Now _that_ is just too cool


----------



## MeatHanky

Beer on tap, popcorn machine - life is good!


----------



## PTAaron

Lumen said:


> Now that is just too cool


Tomorrow can't get here quick enough!



MeatHanky said:


> Beer on tap, popcorn machine - life is good!


Definitely!! Just need time to actually use it all


----------



## PTAaron

Couple of photos of the new subwoofer driver that arrived yesterday:


----------



## PTAaron

Popcorn machine arrived... Immediately unpacked it, cleaned it, set it up on our bar and popped some popcorn to eat while watching Return of the Jedi:



















After the movie I unpacked the rest of the box and assembled the cart:










That isn't the final location... Once I get the basement rearranged I'll post some final photos.


----------



## PTAaron

Mmmmmmmmmm!!
New delivery from Amazon!
Can't wait to try it out Sunday!


----------



## luisv

PTAaron said:


>


Great thread, thanks for sharing your journey and I especially like the kegerator. Looks like I need to do some additional research. :T


----------



## PTAaron

luisv said:


> Great thread, thanks for sharing your journey and I especially like the kegerator. Looks like I need to do some additional research. :T


Thanks for stopping by!
The kegerator is such a great addition! I don't know why I resisted at first when my wife wanted to add it - it is just so nice to have cold beer on tap whenever you need it 
Also great for parties because you can just pour a pitcher to take outside.


----------



## luisv

Totally agreed, it must be great to pour a fresh brew, especially if you're into home brewing as it makes it that more convenient. I will be do some additional reading for sure and hope to tackle the project after the holidays.


----------



## NBPk402

How long will a keg last once you start it (shelf life)?


----------



## PTAaron

luisv said:


> Totally agreed, it must be great to pour a fresh brew, especially if you're into home brewing as it makes it that more convenient. I will be do some additional reading for sure and hope to tackle the project after the holidays.
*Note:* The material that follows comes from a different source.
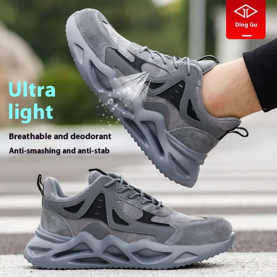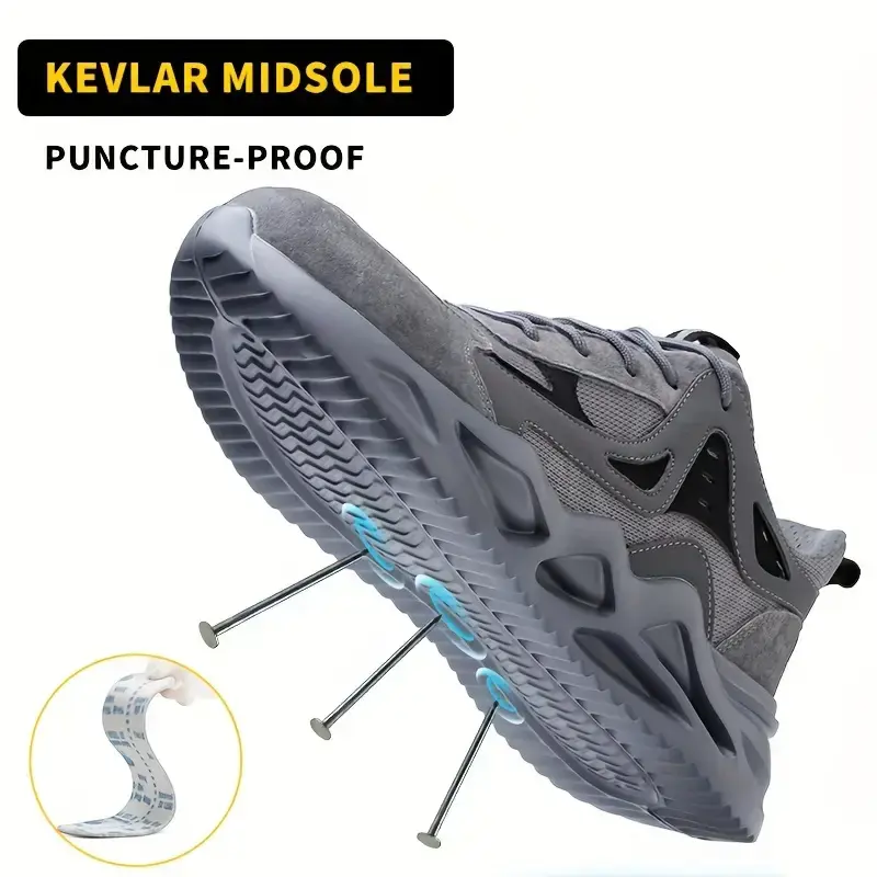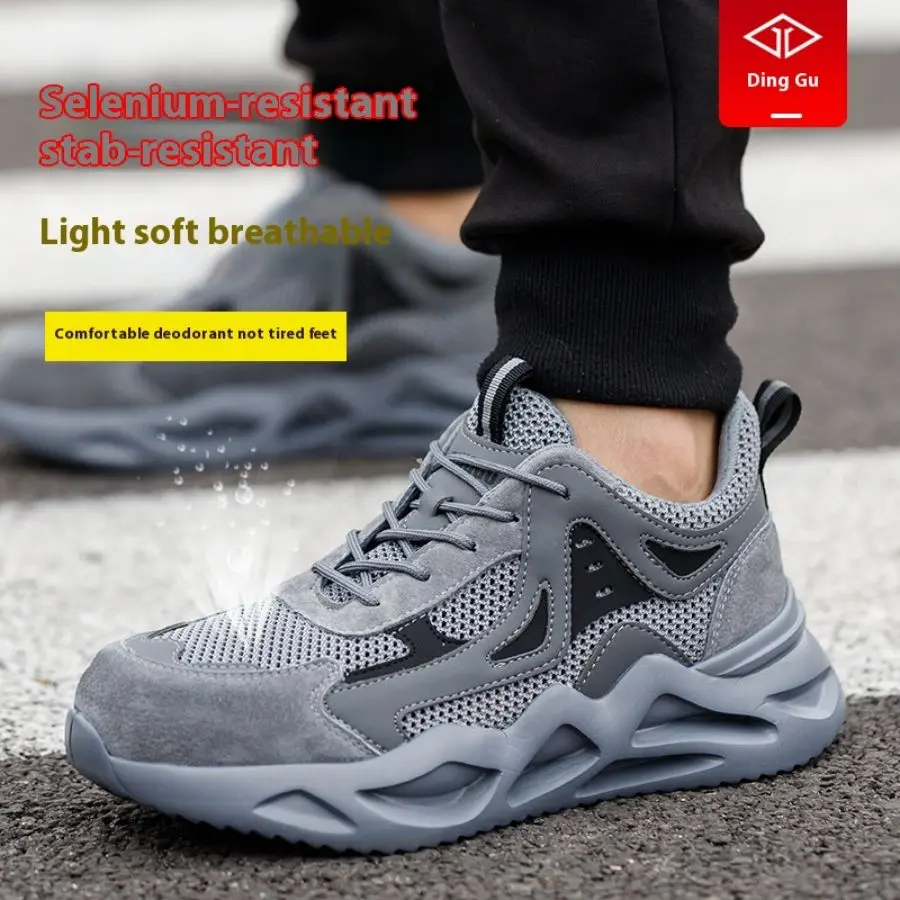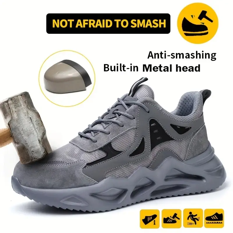 5. Not Afraid to Smash Men's Steel Toe Sports Non-Slip Work Shoes Grey Closed Breathable Mesh Anti-Smashing Anti-Piercing Shock-Absorbing Wear-Resistant Soft & Light Father's Day Gift Worker Footwear

It was my wife's project, but I can get you more info on the parts we used if you are interested.



ellisr63 said:


> How long will a keg last once you start it (shelf life)?


I'm sure there is a shelf life to it - but we had our clone of Bell's Oberon on tap for a little over 2 months and it still tasted the same as when we kegged it. It is sealed in an oxygen free container and kept between 30-40 degrees so in theory it should be as good (as far as storage time) as if it was stored in a can or bottle.


----------



## PTAaron

Alrighty...finally swapped out the driver on my subwoofer, and I know subjective evaluation is kind of meaningless - but it sounded great. I played a bunch of scenes on my Home Theater Demo disc and there were a few times where I could "feel the bass" where I wasn't really "feeling it" before. I don't know enough about subs to know if it is possible to get better lower end from a sub just be changing out the speaker, but my pantlegs were vibrating with some scenes and that didn't happen before. I also played the fireworks scene from Ironman 2 because I used to get a sound like the sub was bottoming out before - didn't happen with the Infinity driver.

=====


Anyway - on to the swap... it was really easy. 

"Before"









I removed the screws from the driver, but it was pretty well stuck in place - so I decided to take off the amp, which was also stuck in place pretty well. A little prying with a screwdriver and it popped off - and I remembered that I had filled the sub with polyfill a while back... don't know how I forgot about that! In the process I chipped the paint in the corner - the folded piece of cardboard I was using to protect the finish slipped.









There was a lot of polyfill!









Had to pry the driver loose too - doubled up on the protective cardboard this time  It popped loose pretty quickly - apparently there was a gasket in place that was holding it on.
I put on the gasket that came with the 1260 - I put a little extra on to cover some screw holes that weren't in line.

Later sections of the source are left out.